Pain occurs in areas of the body where change has occurred. Normal processes are disrupted. Manual therapy is not merely a transiently effective treatment option. Scientific evidence now shows manual therapy preserves connective tissue elements, decreases pain, increases circulation and expedites healing. Evidence also shows positive change in the body causes positive change in the brain. Soothing, therapeutic touch stimulates receptors in skin and connective tissue. It interrupts pain circuits, restores the brain’s basic healing rhythms, and causes the release of pleasure neurotransmitters in direct opposition to pain-producing chemicals.

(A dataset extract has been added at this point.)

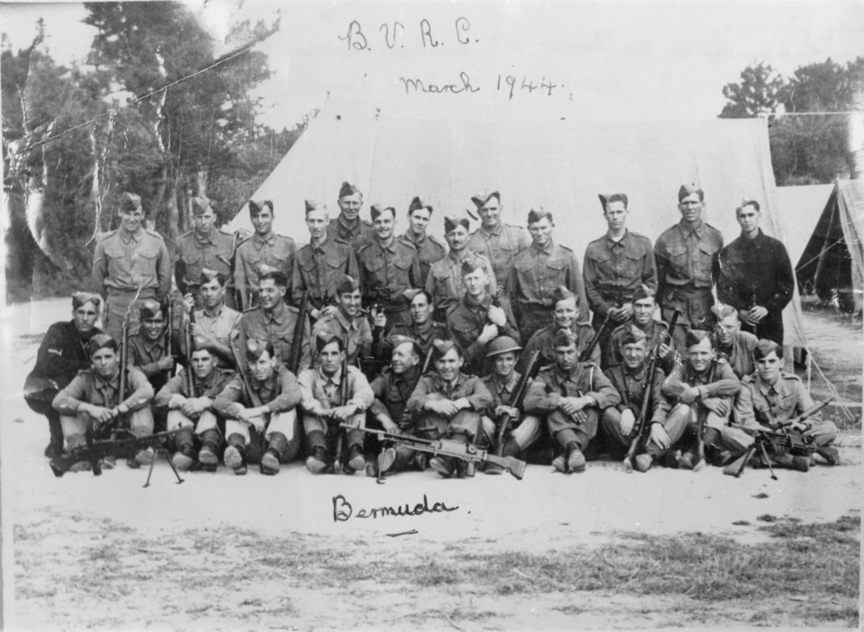 A platoon of the Bermuda Volunteer Rifle Corps (BVRC) in Bermuda, in March, 1944. Apart from serving within the Bermuda Garrison, the BVRC sent two drafts (in 1940 and 1944) to the Lincolnshire Regiment in Europe during the Second World War.
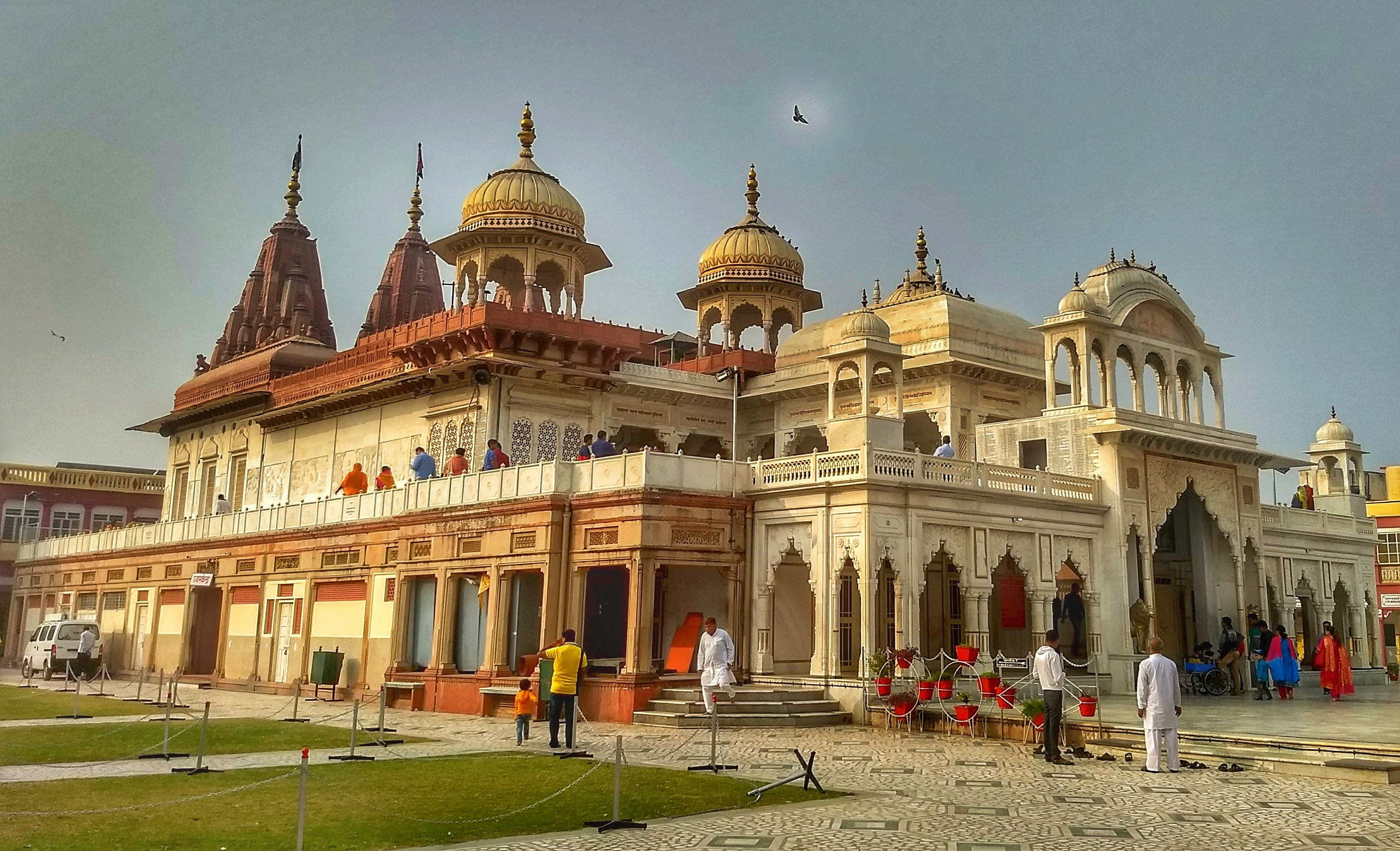 Shri Mahavir Ji temple

Utilizing touch and manual therapy techniques creates a connection between practitioner and patient, the patient’s brain and body and the patient’s emotional and physical state. Therapeutic touch and manual therapy are soothing and can help some to reconnect to childhood experiences of being soothed. It also allows for the surfacing of traumatic memory associated with the circumstance of their original injury or pain. Re-experiencing traumatic memory in a safe, controlled environment with a practitioner as facilitator or guide encourages the incorporation of the emotional component into a persons personal narrative.